INFORMATION |
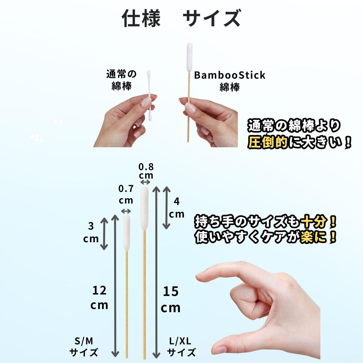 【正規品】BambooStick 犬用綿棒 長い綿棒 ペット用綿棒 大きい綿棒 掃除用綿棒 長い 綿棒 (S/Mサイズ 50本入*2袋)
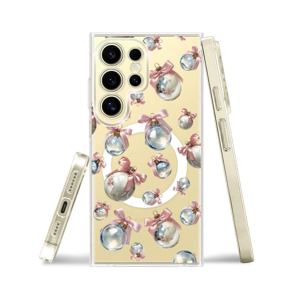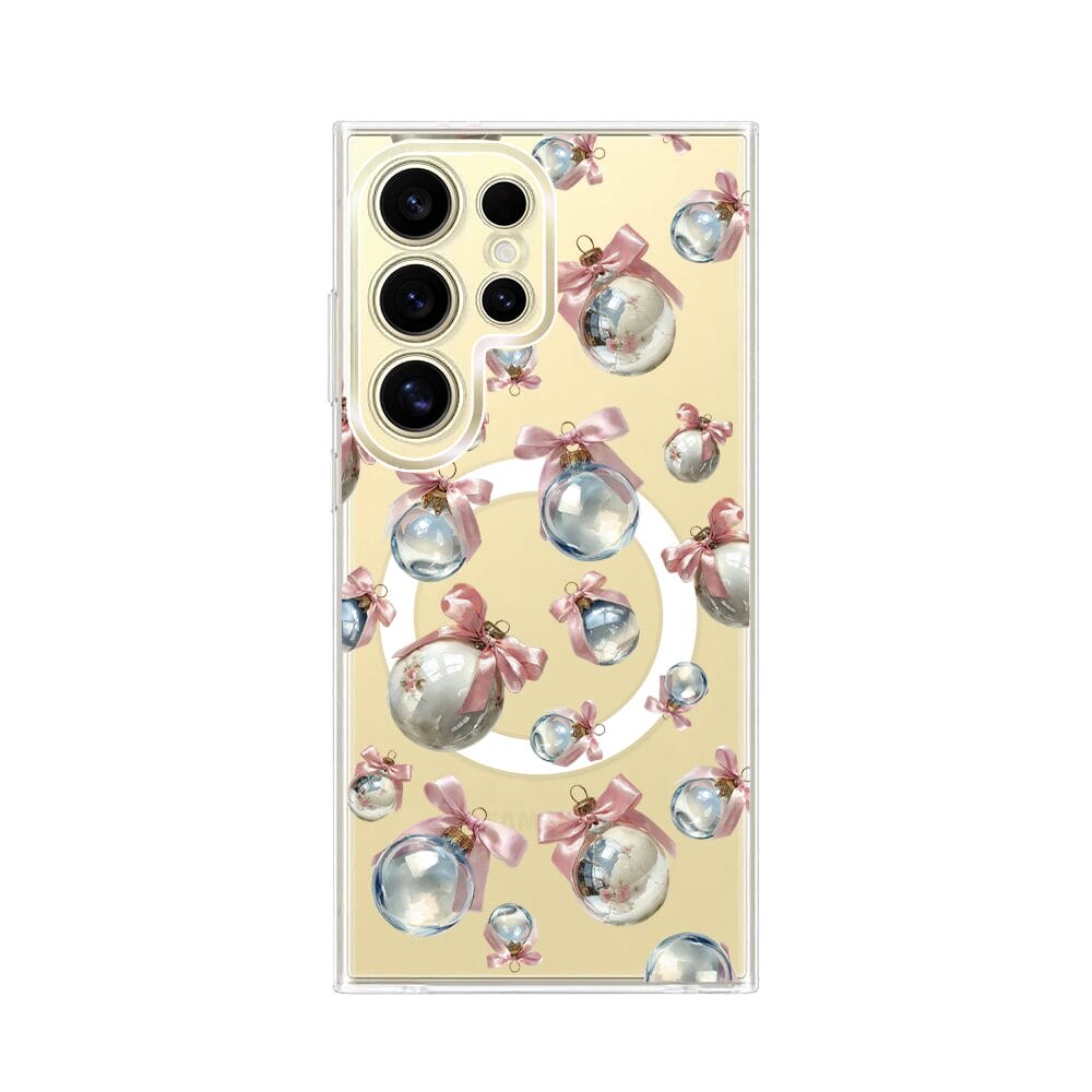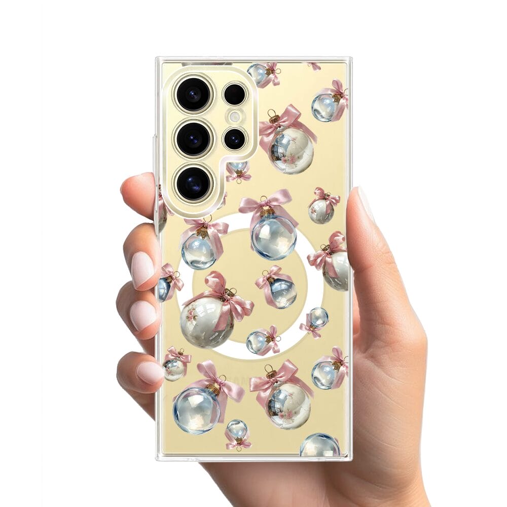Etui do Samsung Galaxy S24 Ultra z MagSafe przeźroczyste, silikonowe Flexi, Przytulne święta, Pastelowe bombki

---

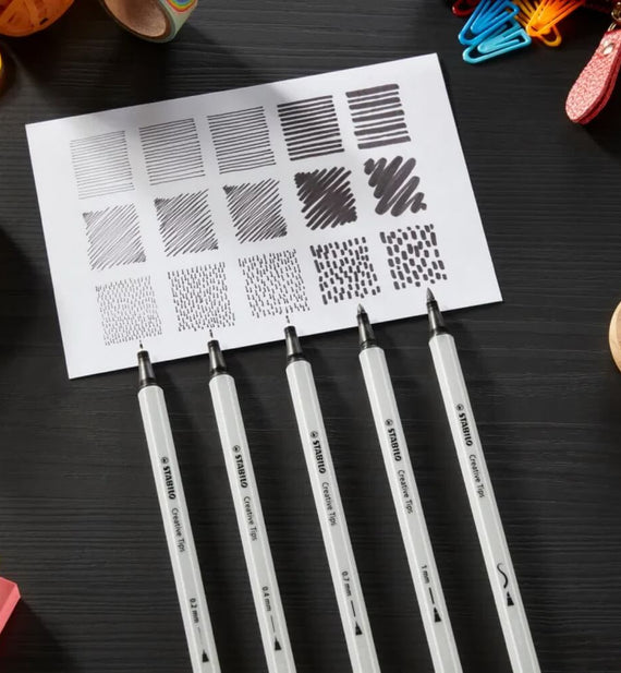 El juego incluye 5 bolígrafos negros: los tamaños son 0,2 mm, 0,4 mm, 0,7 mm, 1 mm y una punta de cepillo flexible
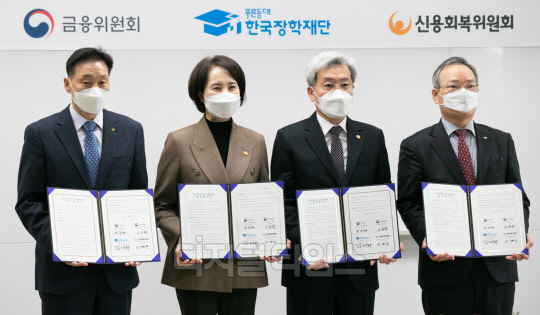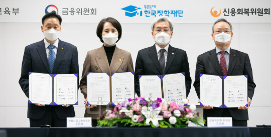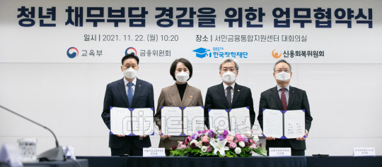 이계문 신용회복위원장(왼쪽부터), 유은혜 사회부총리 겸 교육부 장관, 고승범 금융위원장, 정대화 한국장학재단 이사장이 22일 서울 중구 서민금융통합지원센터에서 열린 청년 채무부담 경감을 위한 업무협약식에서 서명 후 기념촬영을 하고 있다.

TASK STATEMENT | Leaving out all pictures, set down exactly the lines of the material above, from the line with "El juego incluye" to the line with "이계문 신용회복위원장(왼쪽부터), 유은혜" inclusive, and no others.

RESULT FOR THIS EXERCISE |
 El juego incluye 5 bolígrafos negros: los tamaños son 0,2 mm, 0,4 mm, 0,7 mm, 1 mm y una punta de cepillo flexible
 이계문 신용회복위원장(왼쪽부터), 유은혜 사회부총리 겸 교육부 장관, 고승범 금융위원장, 정대화 한국장학재단 이사장이 22일 서울 중구 서민금융통합지원센터에서 열린 청년 채무부담 경감을 위한 업무협약식에서 서명 후 기념촬영을 하고 있다.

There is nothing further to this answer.